Pfizer ended Q1 2024 with a net debt of $57.6 billion, implying that net debt accounts for 26% of enterprise value. Following the Seagen purchase, reducing the debt burden remains a key priority for management, with $1.3 billion repaid in Q1 2024 and a further $1 billion repayment targeted in Q2. Pfizer also raised $3.5 billion from a partial exit from its equity stake in UK drugmaker Haleon. The remaining 23% stake is currently worth about $8.8 billion.

Conclusion

Despite recording double-digit revenue and EPS declines in Q1 2024, Pfizer remains on track to achieve top-and-bottom-line growth for the full year 2024, driven by strong performance in the second half of 2024. As COVID-19 sales stabilize at a lower level, the 11% growth in non-COVID-19 products will increasingly reach the company’s reported sales.

The 10% share of the U.S. government in the company’s topline is well below the 23% contribution achieved in 2022 - a record for the company in recent years.
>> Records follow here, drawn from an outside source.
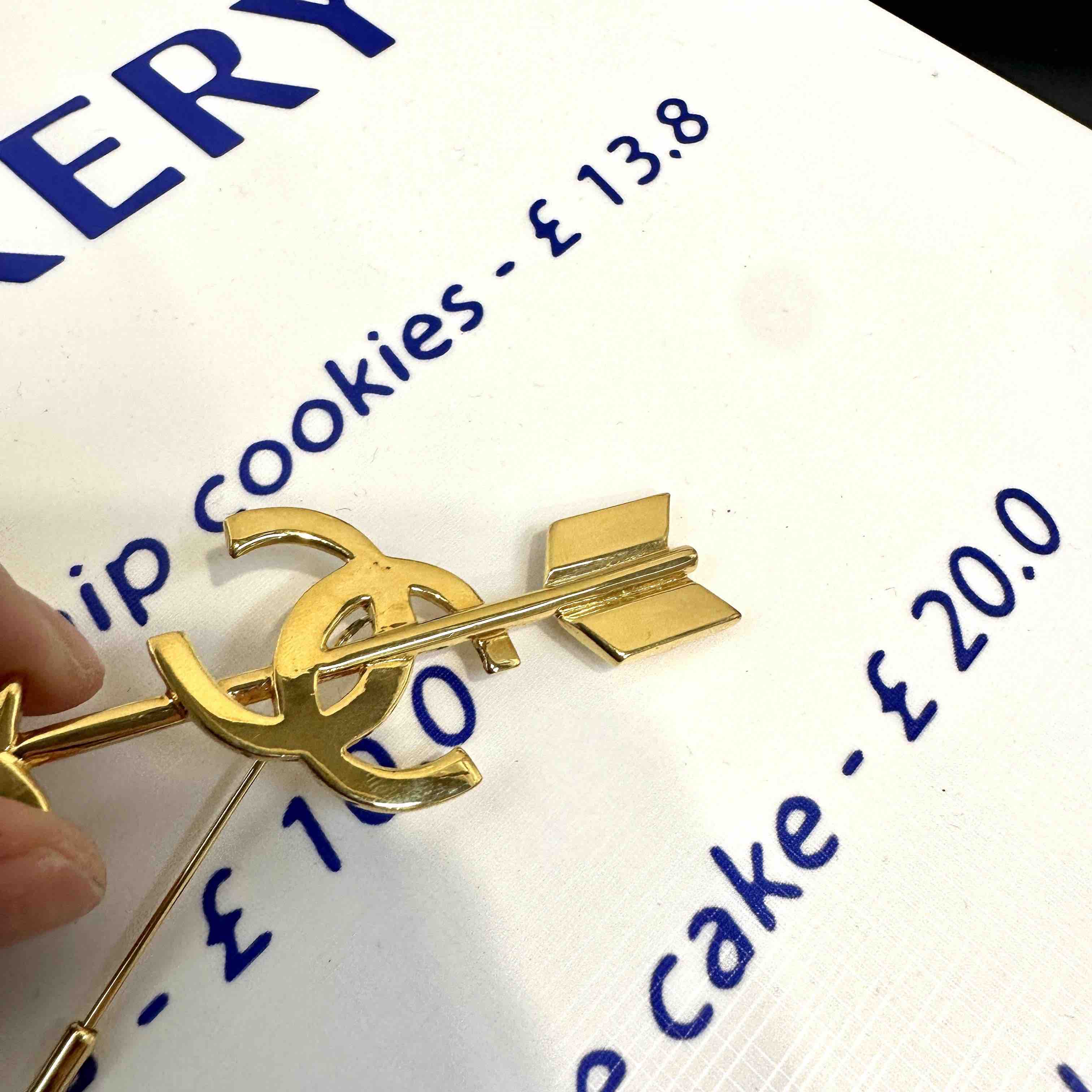 【商品详情】正品二手 CHANEL vintage 1991 双c 箭头 胸针 ✨95新 8x4。金属表面正常使用感,整体新✋🏻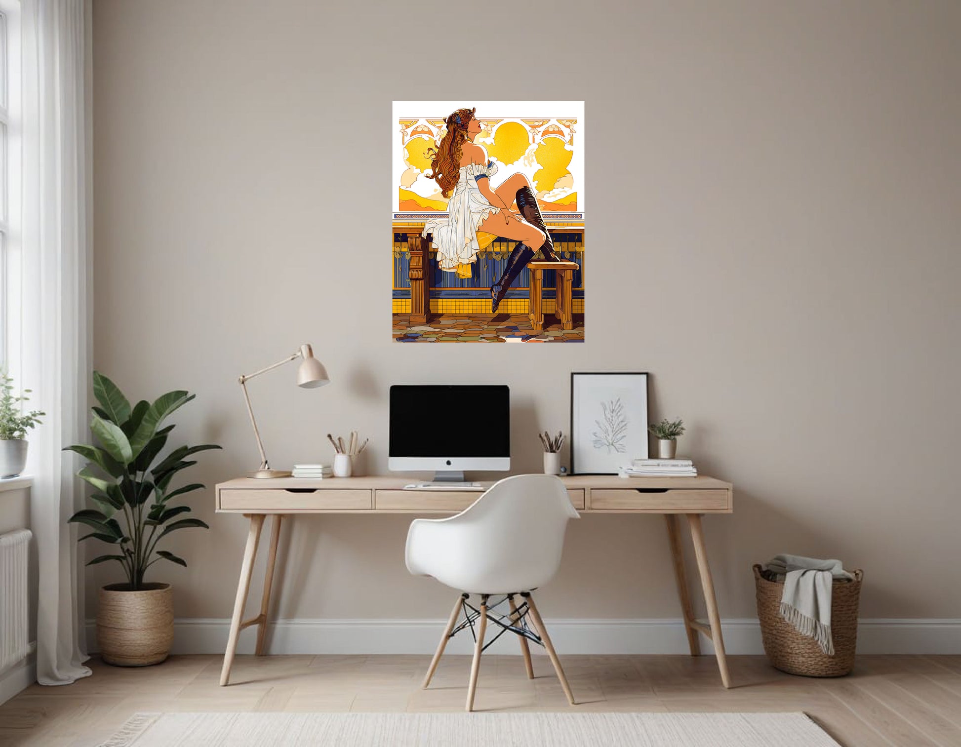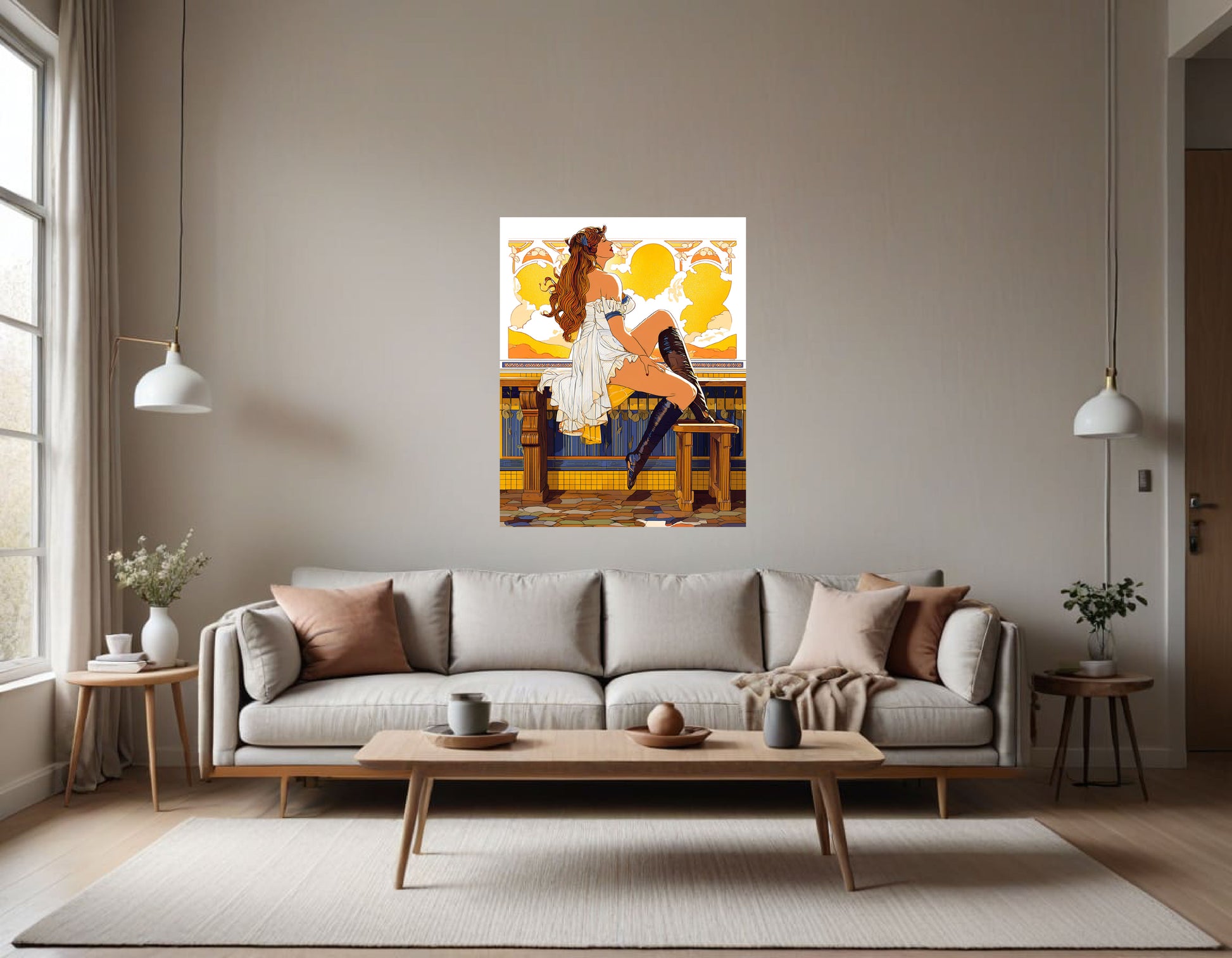 She is seated on a wooden surface, with a portion of her legs covered by high, black leather boots. The background displays an elaborate design with golden circles representing the sun or moon and stylized clouds. A frieze with geometric patterns runs along the upper edge.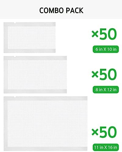 PreCut Design: Total 150 count 11″ x 16″ gallon size and 8″ x 12″ quart size and 6″ x 10″ pint size pre-cut bags. Just pull out and use; no need to cut, no need to seal one side before putting food in.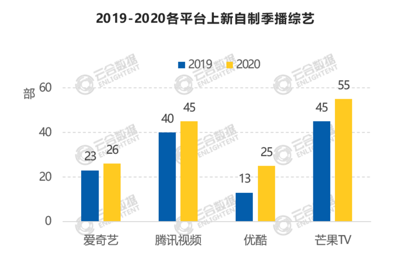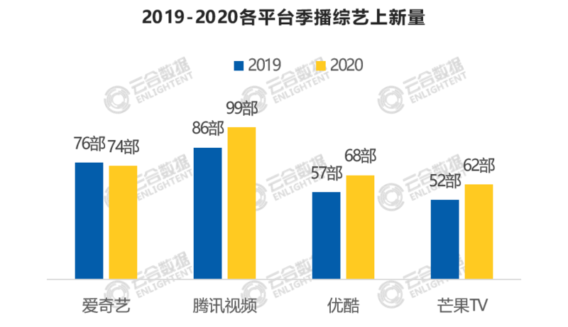 上新:2020上线季播综艺240部,同比增加25部;爱奇艺、优酷、芒果TV上新量在70部左右,腾讯视频高达99部。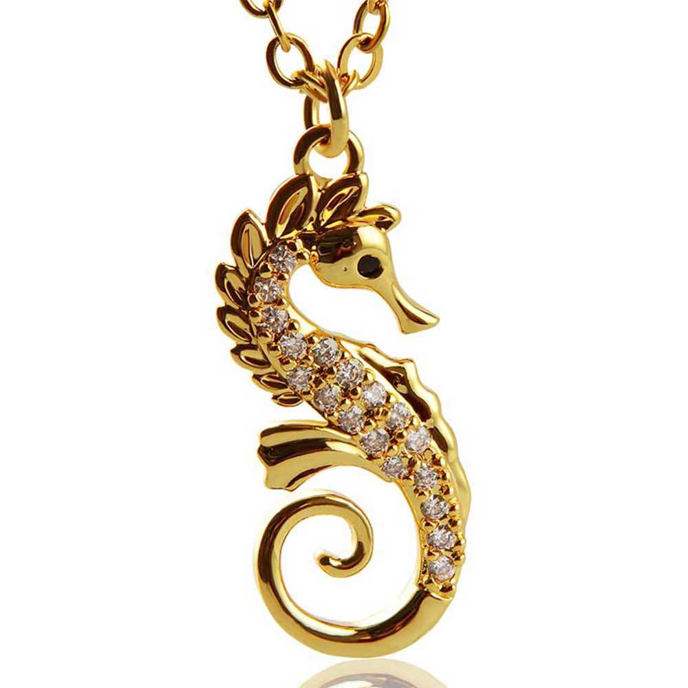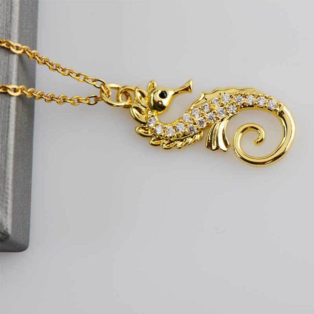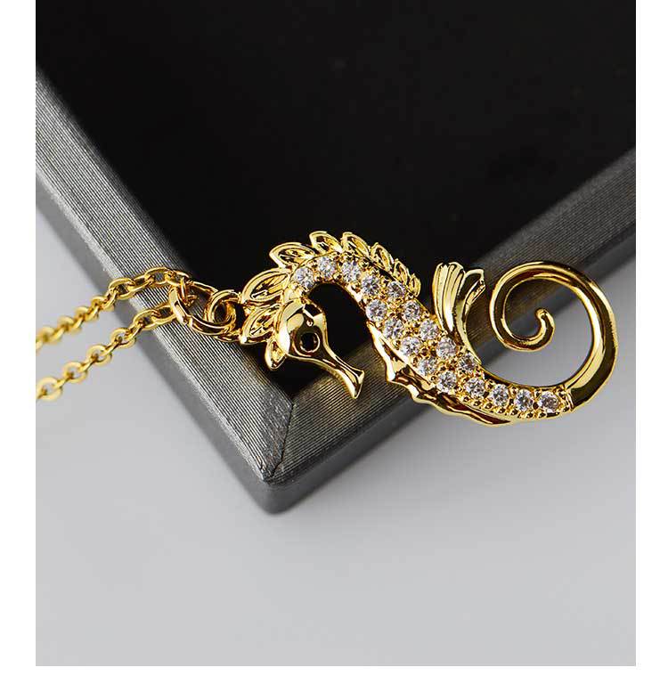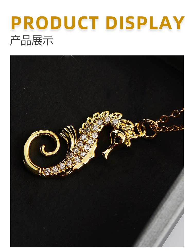 european and american affordable luxury fashion clavicle chain stainless steel necklace micro-inlaid copper pendant ocean series niche seahorse jewelry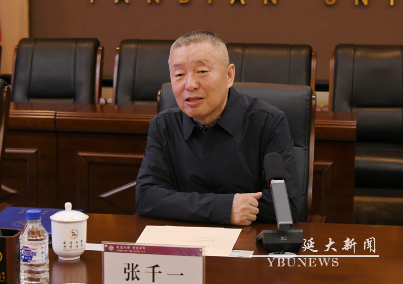 杜锐为张千一颁发聘任证书并讲话。他系统阐述了学校在教育固边、人才兴边、科技强边、产业富边、学术戍边、文化润边六个方面的使命与担当。杜锐强调,学校始终深入学习贯彻总体国家安全观,立足民族地区高校定位,致力于打造铸牢中华民族共同体意识的生动实践典范;同时,依托东北亚地区的地理区位优势,积极融入“一带一路”倡议,努力成为向北开放的“桥头堡”。他希望,张千一教授充分发挥其卓越的影响力和专业能力,在艺术创作、学术研究、人才培养模式创新、师资队伍建设和科研平台搭建等关键领域发挥引领作用,推动学校高质量发展,为边疆地区文化繁荣和加快建设教育强国作出更大贡献。
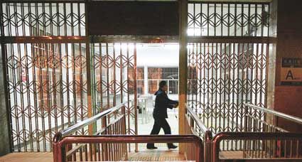 記者4點(diǎn)30分趕到東直門地鐵站A口,此時可以看到里面已經(jīng)燈火通明。4點(diǎn)55分,檢票員胡女士打開滾梯欄桿鎖,然后啟動滾梯,隨后把鐵門打開。伴隨著“嘩啦嘩啦”的聲音,東直門地鐵的大門經(jīng)過23天的封站終于重新向市民開放。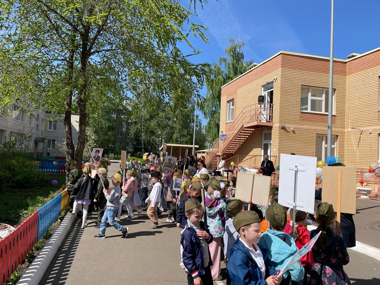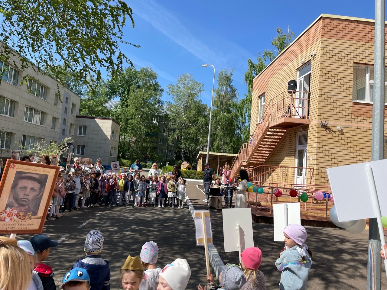 Воспитанники вместе с педагогами подготовили для гостей и зрителей интересную концертную программу - замечательные и трогательные песни военных лет, современные песни о Великой Победе, танцы и стихи в исполнении детей и воспитателей. Участники праздника, стоя, приветствовали юных танцоров. В литературно - музыкальной композиции «Бессмертный полк», малыши с такой серьезностью и ответственностью отнеслись к постановке номера, что зрители просто смотрели на этот мини-спектакль затаив дыхание. Трогательная танцевальная композиция «Катюша» и попурри песен о войне в исполнении педагогов, танец «Красные маки» и вальс «В лесу прифронтовом» в исполнении детей создавали особую эмоциональную атмосферу.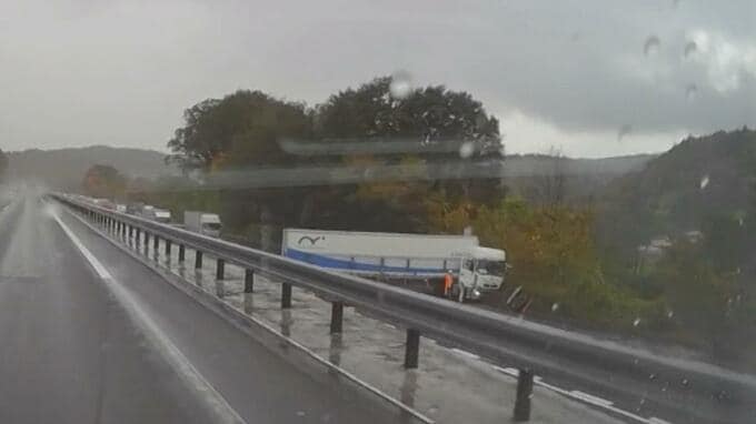 急ブレーキなどが原因で、トレーラーがくの字に曲がったような形になるいわゆる「ジャックナイフ現象」の可能性があり、警察が詳しい事故の原因を調べています。当時路面は濡れていたということです。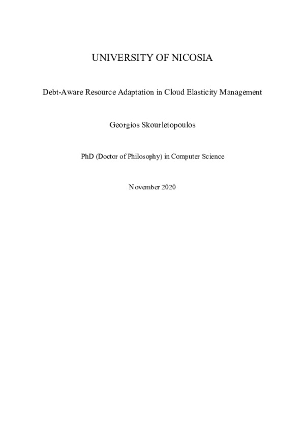 - Cloud computing | Cloud elasticity management | Debt-aware | Elasticity debt | Game theory | Hidden markov model | Multi-tenant software as a service | Resource adaptation | Resource provisioning | Resource utilization | Service composition | Service utility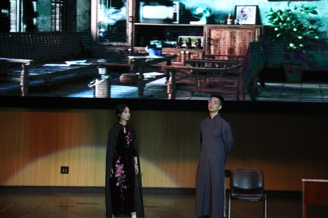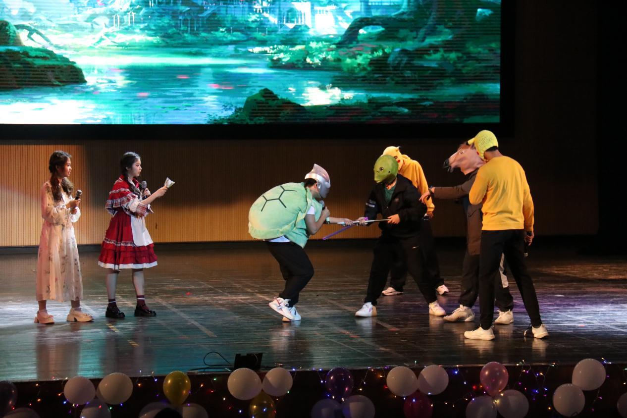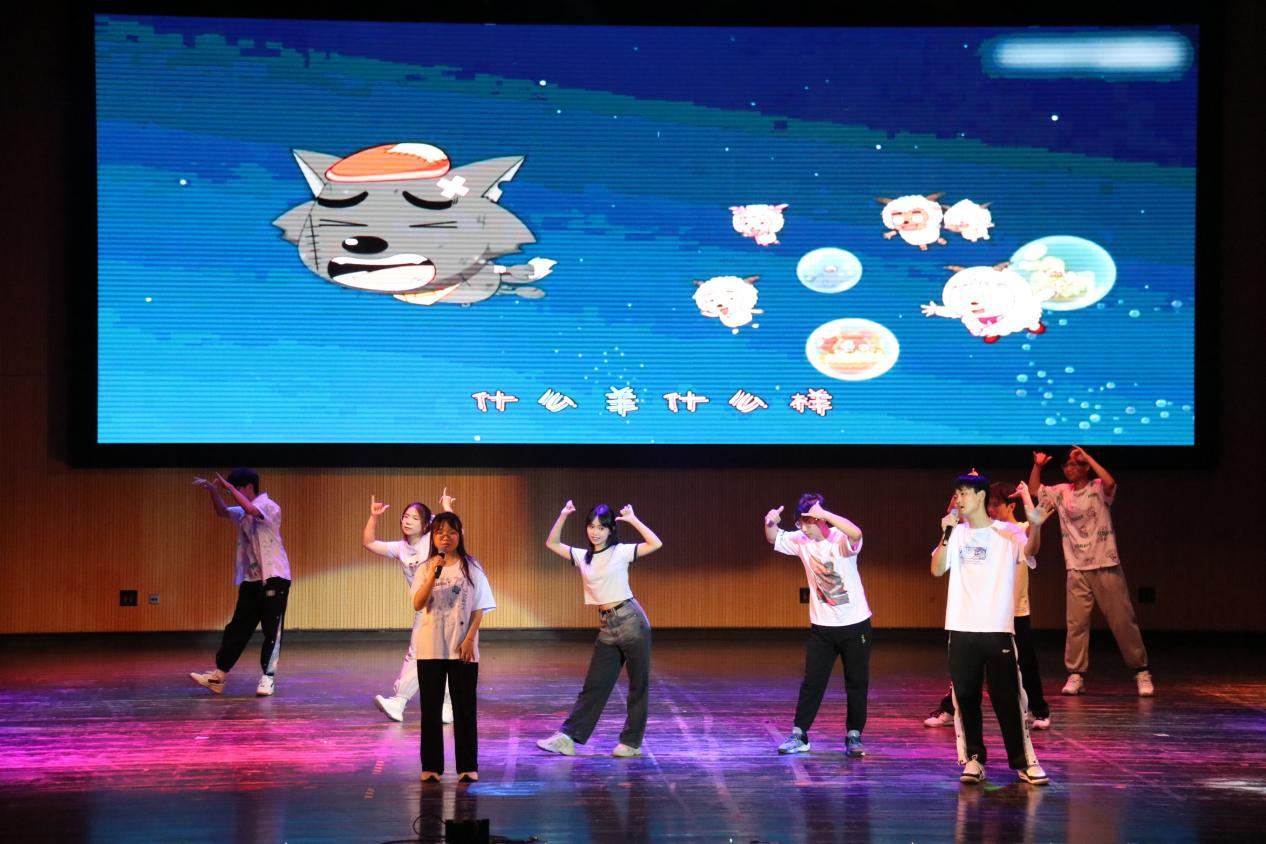 首先进入晚会的第一篇章——寻梦青春。在此篇章中,首先由本科2022级管理9班带来舞蹈合唱节目《蜕变》,回忆童年,展望未来;接着是本科2022级经贸5班带来舞台剧《崩坏童话》,轻松活泼,引得笑声连连;最后是2022级硕士3班与硕士4班带来合唱《New boy》,感受新旧时代的碰撞与火花 。他们带领观众在记忆的海洋里遨游,回忆起过往的美好,并保持初心,迈向新征程。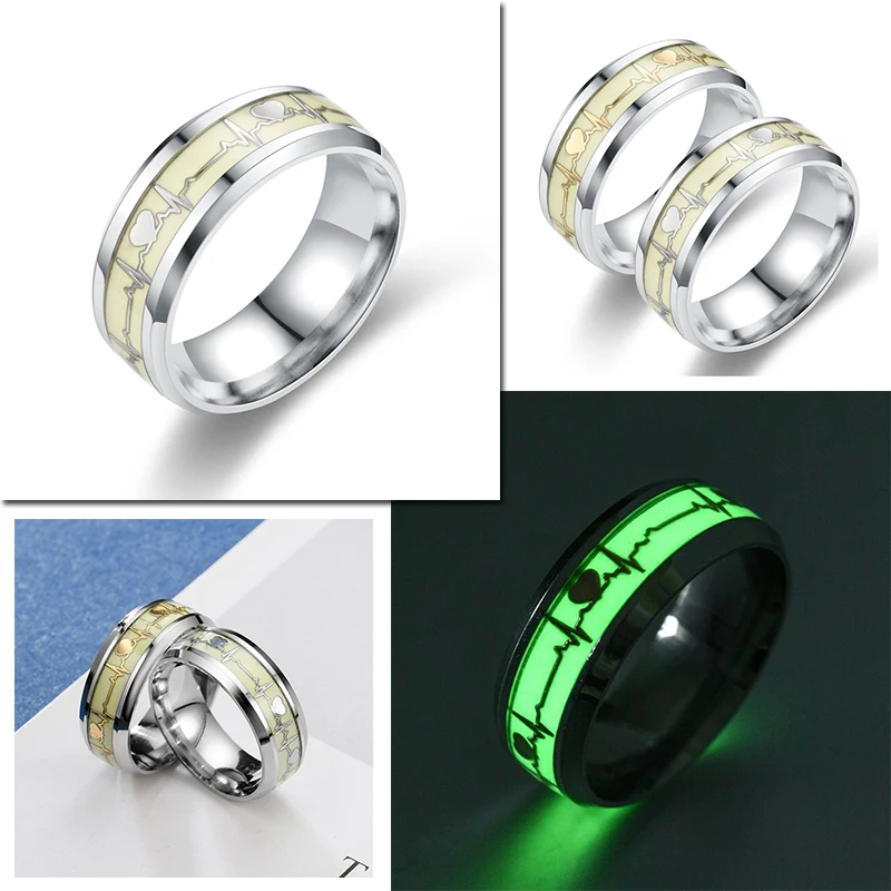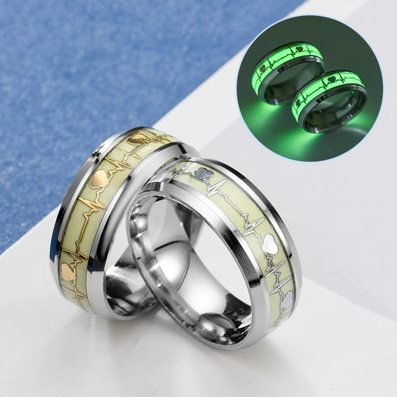 Светящиеся кольца в темноте для мужчин и женщин, обручальные кольца из нержавеющей стали с флуоресцентным свечением в темноте, хороший подарок на день Святого Валентина

Nevertheless, Pfizer remains a key supplier of critical medicines for governments around the world. As such, monitoring the company’s public procurement activity appears to be a smart move that can provide key insights into its financial health.

This article was written by members of TenderAlpha's team and does not serve as a recommendation to buy Pfizer or any other stock. TenderAlpha is not receiving compensation for it and we have no business relationship with any company whose stock is mentioned in this article.